Hello! I'm ingesting two "Account" tables from 2 different countries from 2 different Salesforce instances. I'm joining them together on an ID key.
A number of columns are supposed to match their records because Salesforce is supposed to synchronise them on their system.
I have built a data flow that filters the joined account table on the columns that do not equal each other (i.e. column1 != column2 OR column3 != column4 OR etc.).
Now, I am currently writing the results into a sink "tracking file" , but I would like this data flow to run daily. At the moment it will overwrite this data file each time and it's possible the previous days' mismatch has been fixed already. I however want to track how often this data quality issue arises.

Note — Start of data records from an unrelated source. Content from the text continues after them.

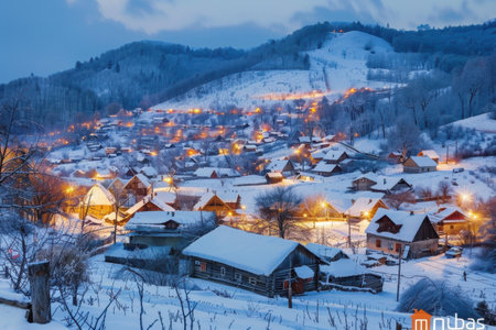 Snowy village at dusk, warm lights, peaceful winter scene, copy space
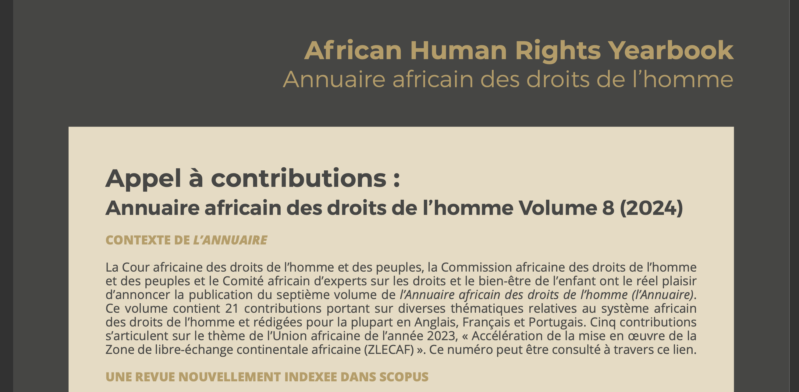 La Cour africaine des droits de l’homme et des peuples, la Commission africaine des droits de l’homme et des peuples et le Comité africain d’experts sur les droits et le bien-être de l’enfant ont le réel plaisir d’annoncer la publication du septième volume de l’Annuaire africain des droits de l’homme (l’Annuaire). Ce volume contient 21 contributions portant sur diverses thématiques relatives au système africain des droits de l’homme et rédigées pour la plupart en Anglais, Français et Portugais. Cinq contributions s’articulent sur le thème de l’Union africaine de l’année 2023, « Accélération de la mise en œuvre de la Zone de libre-échange continentale africaine (ZLECAF) ». Ce numéro peut être consulté à travers ce lien.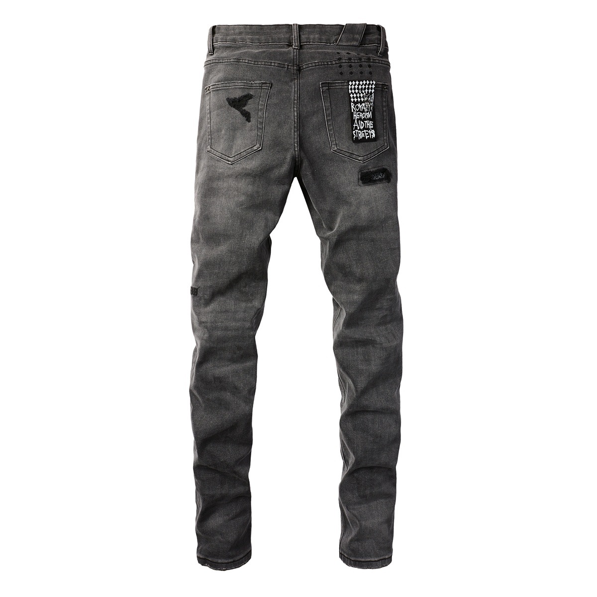대외 무역 남성 진 ksubi 청바지 남성 슬림핏 트렌디 브랜드 찢어진 패치 TEMU 청바지 3010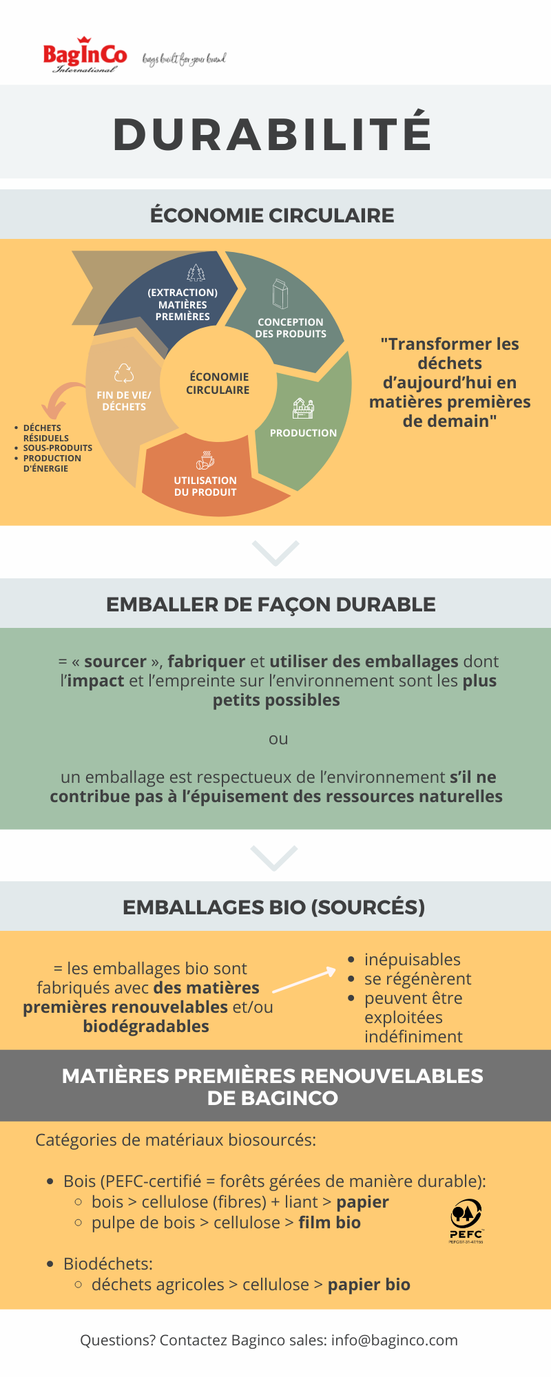 On parle parfois aussi de matières premières renouvelables végétales, qui incluent le bois et le bambou, mais aussi par ex. le maïs, la canne à sucre, les pommes de terre, etc. Cependant, chez Baginco, nous préférons ne pas utiliser ces matières premières vu qu’elles sont destinées à l’alimentation humaine et que nous ne voulons pas encourager leur utilisation sous forme d’emballages.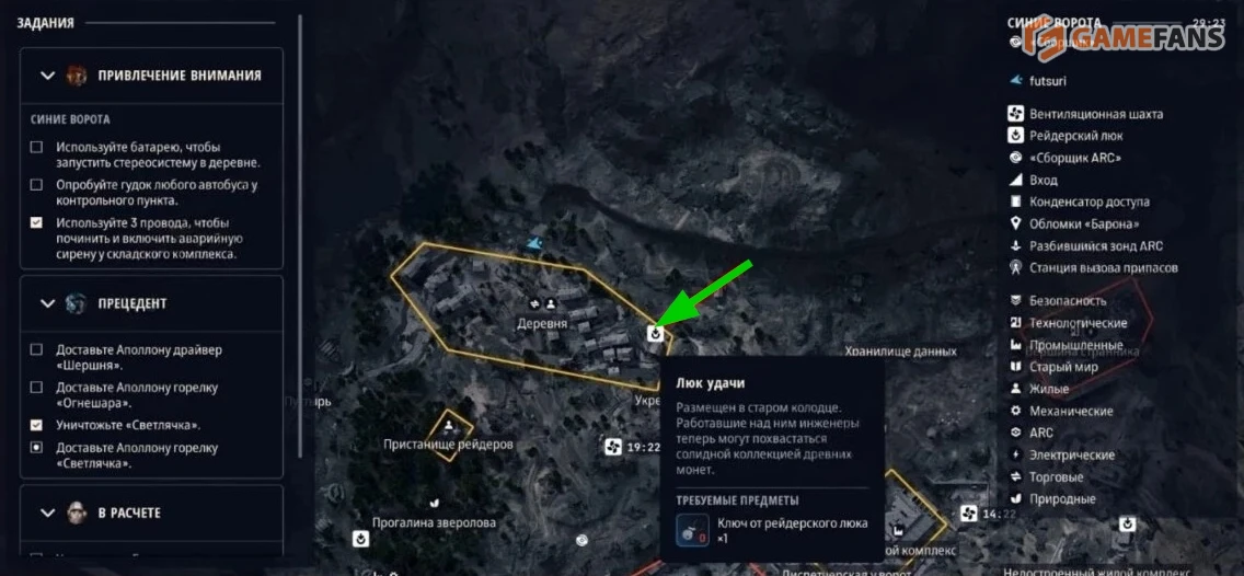 Следующая цель — Деревня, расположенная на северо-западе карты. В восточной части локации найдите так называемый люк удачи. Рядом, на одной из скамеек напротив дома, стоит бумбокс.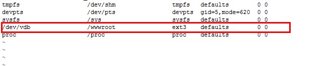 4、修改fstab,以便系統(tǒng)啟動(dòng)時(shí)自動(dòng)掛載磁盤,編輯fstab默認(rèn)啟動(dòng)文件命令: vi /etc/fstab 回車在其中添加一行: /dev/vdb /wwwroot ext3 defaults 0 0 如圖3所示,在fstab中添加的一行,添加后,保存。

My question therefore: How do I append new rows to my tracking file when there is a new record with a mismatch and keep the previous cases there was a mismatch (even if it isn't an issue anymore)?
I'm thinking parameterise the writing to sink to a new file each time it runs, build another data flow that creates a union of an existing tracking file and each new days' file, write to existing tracking file to update.
Is there a better way? Perhaps the filter on "not equal" columns in records is not the right way? Another thought was to use a Lookup function, but the overwriting in sink function persists.
Thanks in advance!
P.S. Using ADF2, Salesforce linked service, and Data Lake Storage Gen2.